What Daddy heard next baffled him. She choked a little, cleared her throat, and said, “Doctor saab, wo family wale batana nahi chahte the, lekin main unse ladkar aayi hun, aapko batane ke liye.” She paused and continued, ‘wo us parson subah jab usse behosh paya tha, to actually (she cleared her throat the third time), wahan ek saamp tha. Usne usse kaata ya nahi ye nahi maloom par us din ghar mein saamp pakda tha humne”

Daddy and Amma’s jaw dropped.


Deer Park, the evergreen deep woodland, an envy of many Delhites, was next to our colony. It was the beginning of monsoons, and a lone snake lost its way into the Jindal household.

And they did not feel the need to inform it to the doctor! They actually thought it was a matter of coincidence that the 16-year-old was found unconscious next to a slithering serpent that moved around the eleven other children.


The head of the family insisted, it be treated as Lord Shiva’a blessing and safely returned to the park. Instantly a big basket was inverted to capture the snake with bricks and utensils kept on top lest it slither away.


Mamta was then rushed to the hospital.


We do not know what the doctor replied. I presume he must be seething in anger for the call got disconnected abruptly.
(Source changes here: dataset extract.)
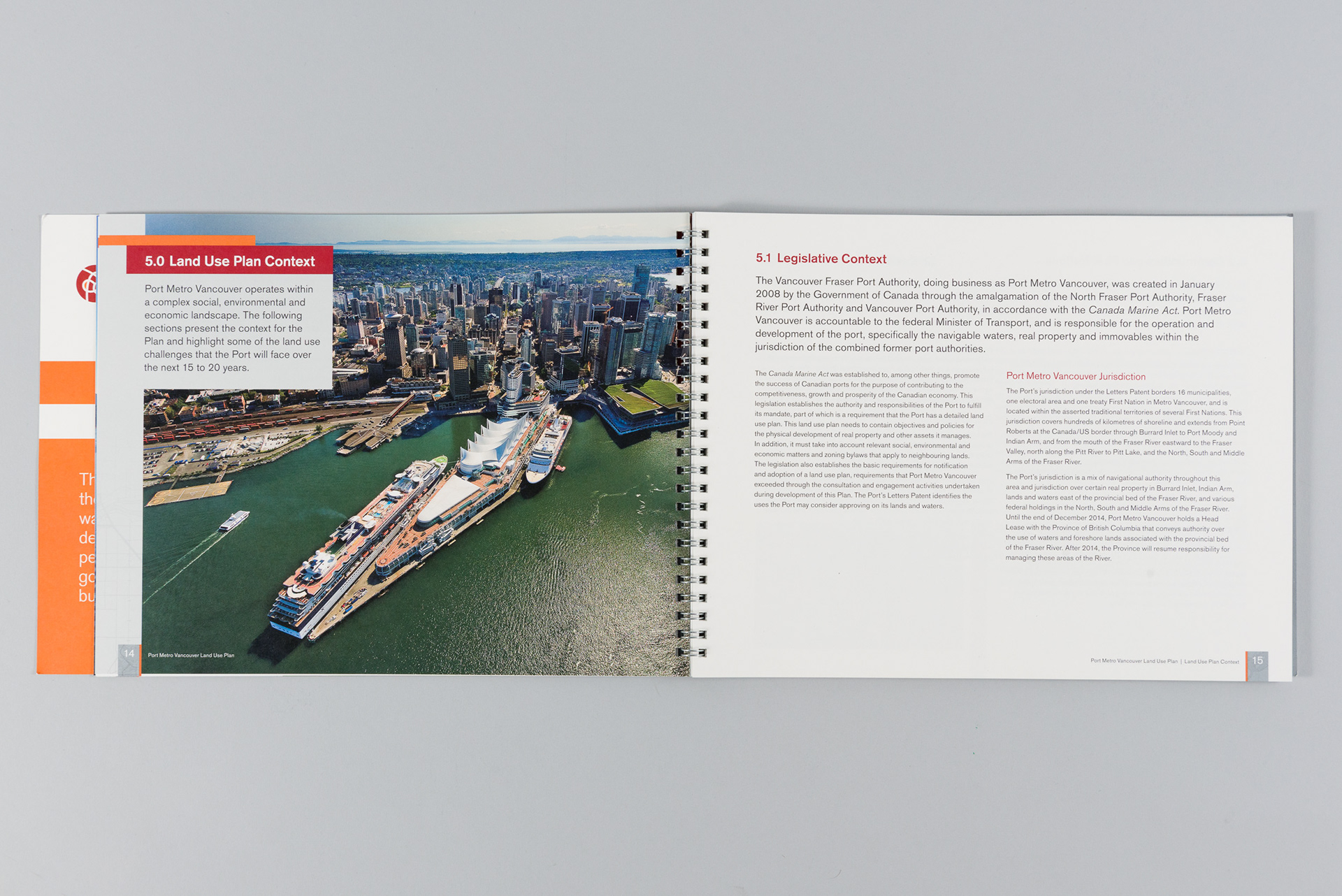 Port Metro Vancouver is Canada’s largest and most diversified port, a gateway for domestic and international trade and tourism and a major force in the Canadian economy. The Port’s biggest challenge remains balancing commercial and community interests in all their endeavours. Port Metro Vancouver’s external communications frequently deal with sensitive issues and competing priorities. With the Land Use Plan, the design challenge was to present information in a transparent, credible and balanced manner.
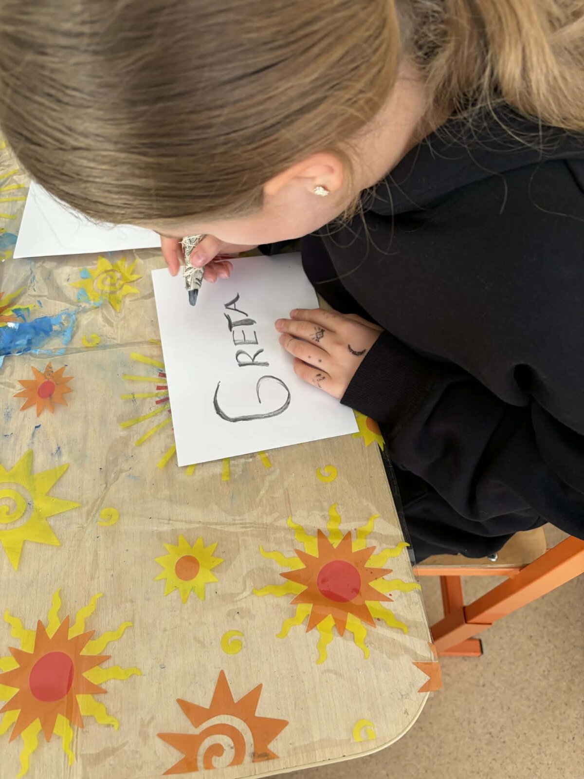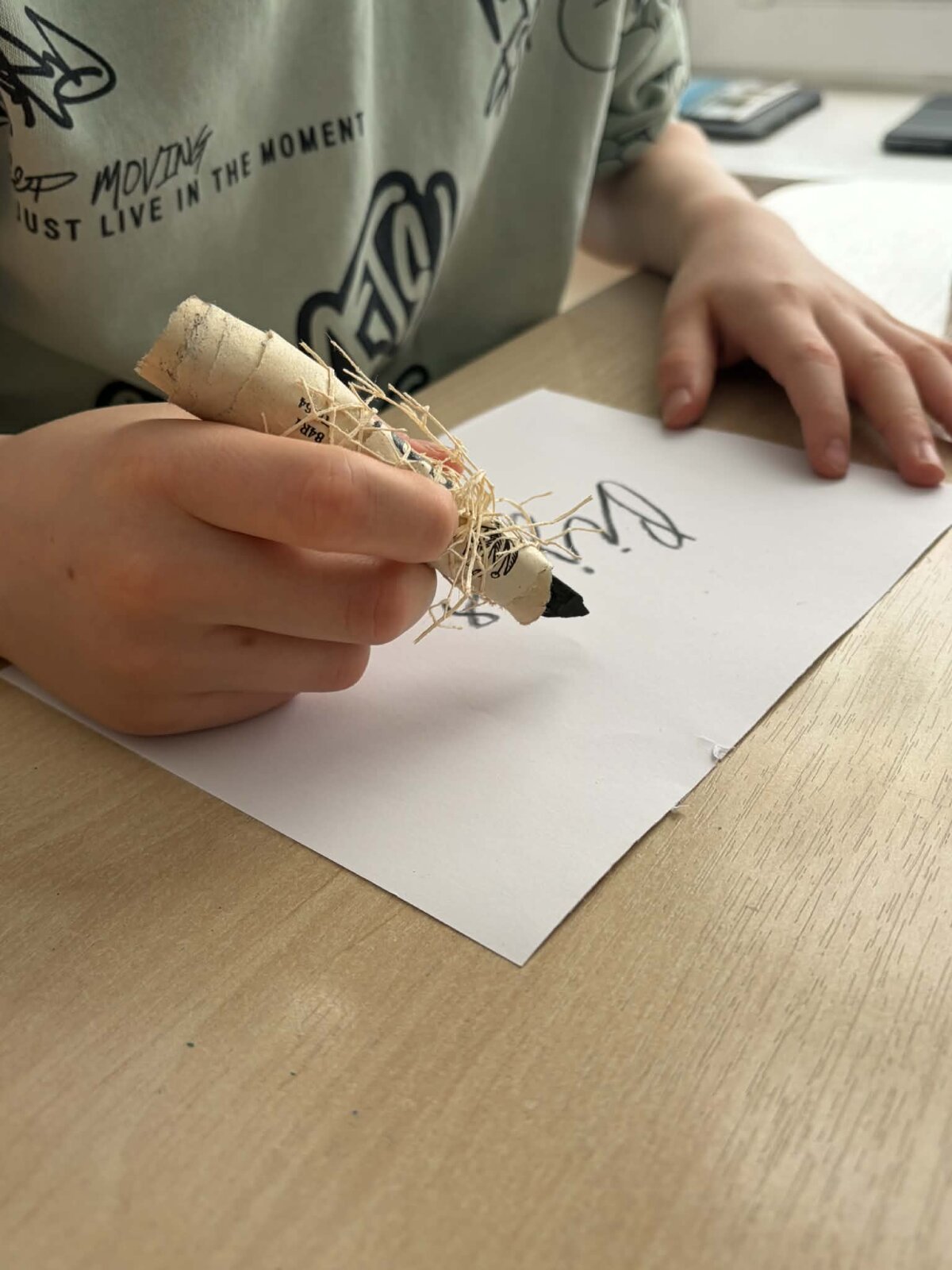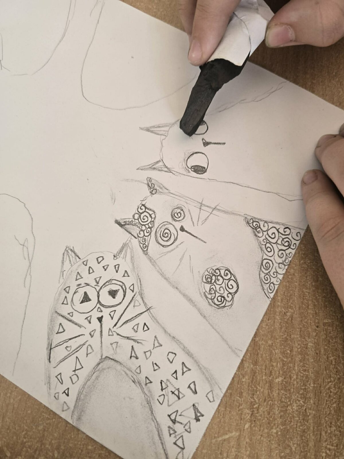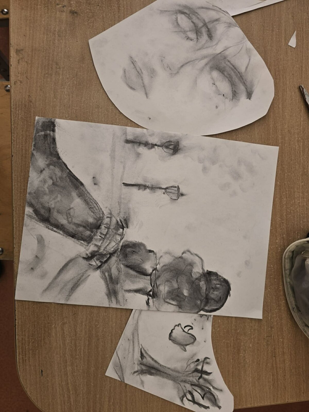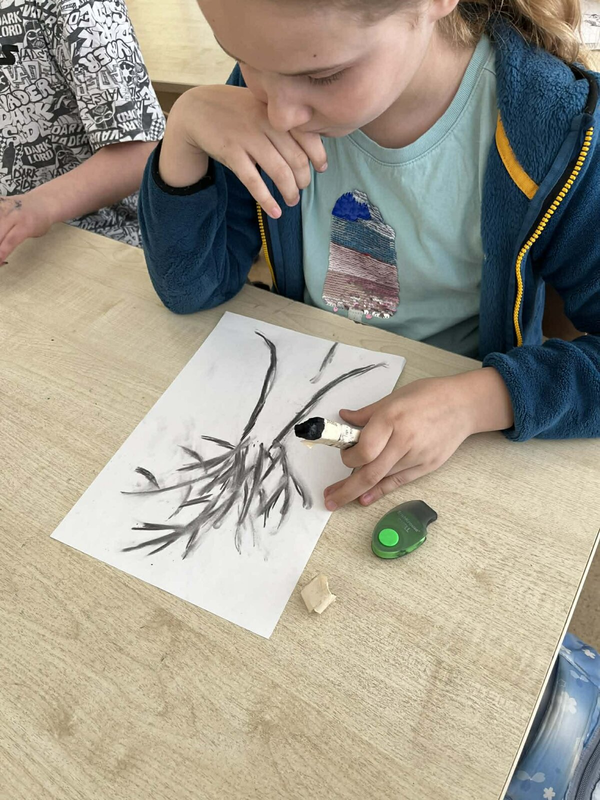 Mokiniai nusprendė patys išbandyti kūrybinį procesą, naudodami anglies ir senų knygų lapus. Jie sukūrė savo pieštukus ir vėliau piešė su anglimi, taip gilindami savo žinias apie medžiagas ir jų panaudojimą.

Badi bua broke down, “Bhaisaab, kya kahien, andhvish aur superstition le doobega in sabko”


She was late in informing the doctor.


Mamta slipped into a coma. The following days and weeks there were a constant flow of telephone-call visits, coordinating hospital duties and getting regular updates from the doctor.


Exactly a month later, came another call giving the sad news. Mamta was no more.

A complete waste of life. The doctor was distressed at their behaviour. He apparently said, had they known on day one, she could easily have been saved. They had looked all over her body for injury marks but found none, hence exasperated.


It was only when badi bua mentioned the snake did they check her body on day three.

They eventually found the venomous snake bite on her head, hidden beneath her thick mane that she oiled seven days a week.




Till tomorrow. Stay Safe. Stay Home.